▸ **Data extract**:

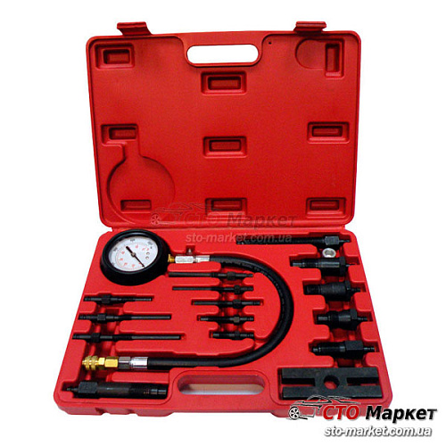 Компрессометр фирмы Profline код 31020-1 для дизельных двигателей. В комплектацию компрессометра входит комплект адаптеров для подключения компрессометра. Адаптеры устанавливаются на головке блока цилиндров двигателя в отверстия для топливных форсунок (вместо форсунок) или в отверстия для свечей накаливания (вместо свечей). Для обеспечения точности измерений и предотвращения поломок при установке адаптеров не допускайте попадания посторонних предметов, грязи, стружки и др. на присоединительные поверхности, резьбу и в отверстия.
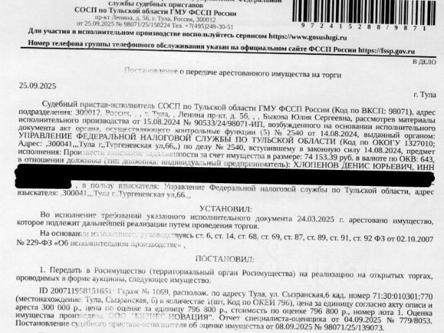 Данные получены с сайта ГИС Торги. Здание, назначение: нежилое, наименование: гараж с подвалом, кадастровый номер 71:30:010301:770, площадь 21,4 кв.м., местоположение: Тульская область, г.Тула, Зареченский р-н, ул.Сызранская, д.6, АК 30, гараж 1069. Здание расположено в пределах земельного участка с кадастровым номером 71:30:010301:92, сведениями о правообладателе земельного участка Организатор торгов не располагает. Взыскатель: УФНС по Тульской области. Начальная цена: 796 800 (Семьсот девяносто шесть тысяч восемьсот) руб. 00 коп., без НДС. Задаток: 390 000 (Триста девяносто тысяч) руб. 00 коп.; Шаг аукциона 1%: 7 968 (Семь тысяч девятьсот шестьдесят восемь) руб. 00 коп. Купить гараж в округе Пролетарский в городе Тула.
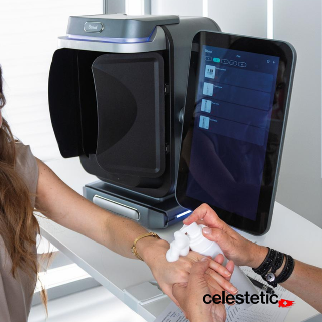 🔬 Technologies lumineuses : lumière blanche, polarisée, Wood, UV, rouge et RBX pour révéler rides, taches, inflammations et perte de collagène.

▸ **Activity**:
Would you repeat each line of the listing exactly, skipping any picture?

▸ **Exercise response**:
 Компрессометр фирмы Profline код 31020-1 для дизельных двигателей. В комплектацию компрессометра входит комплект адаптеров для подключения компрессометра. Адаптеры устанавливаются на головке блока цилиндров двигателя в отверстия для топливных форсунок (вместо форсунок) или в отверстия для свечей накаливания (вместо свечей). Для обеспечения точности измерений и предотвращения поломок при установке адаптеров не допускайте попадания посторонних предметов, грязи, стружки и др. на присоединительные поверхности, резьбу и в отверстия.
 Данные получены с сайта ГИС Торги. Здание, назначение: нежилое, наименование: гараж с подвалом, кадастровый номер 71:30:010301:770, площадь 21,4 кв.м., местоположение: Тульская область, г.Тула, Зареченский р-н, ул.Сызранская, д.6, АК 30, гараж 1069. Здание расположено в пределах земельного участка с кадастровым номером 71:30:010301:92, сведениями о правообладателе земельного участка Организатор торгов не располагает. Взыскатель: УФНС по Тульской области. Начальная цена: 796 800 (Семьсот девяносто шесть тысяч восемьсот) руб. 00 коп., без НДС. Задаток: 390 000 (Триста девяносто тысяч) руб. 00 коп.; Шаг аукциона 1%: 7 968 (Семь тысяч девятьсот шестьдесят восемь) руб. 00 коп. Купить гараж в округе Пролетарский в городе Тула.
 🔬 Technologies lumineuses : lumière blanche, polarisée, Wood, UV, rouge et RBX pour révéler rides, taches, inflammations et perte de collagène.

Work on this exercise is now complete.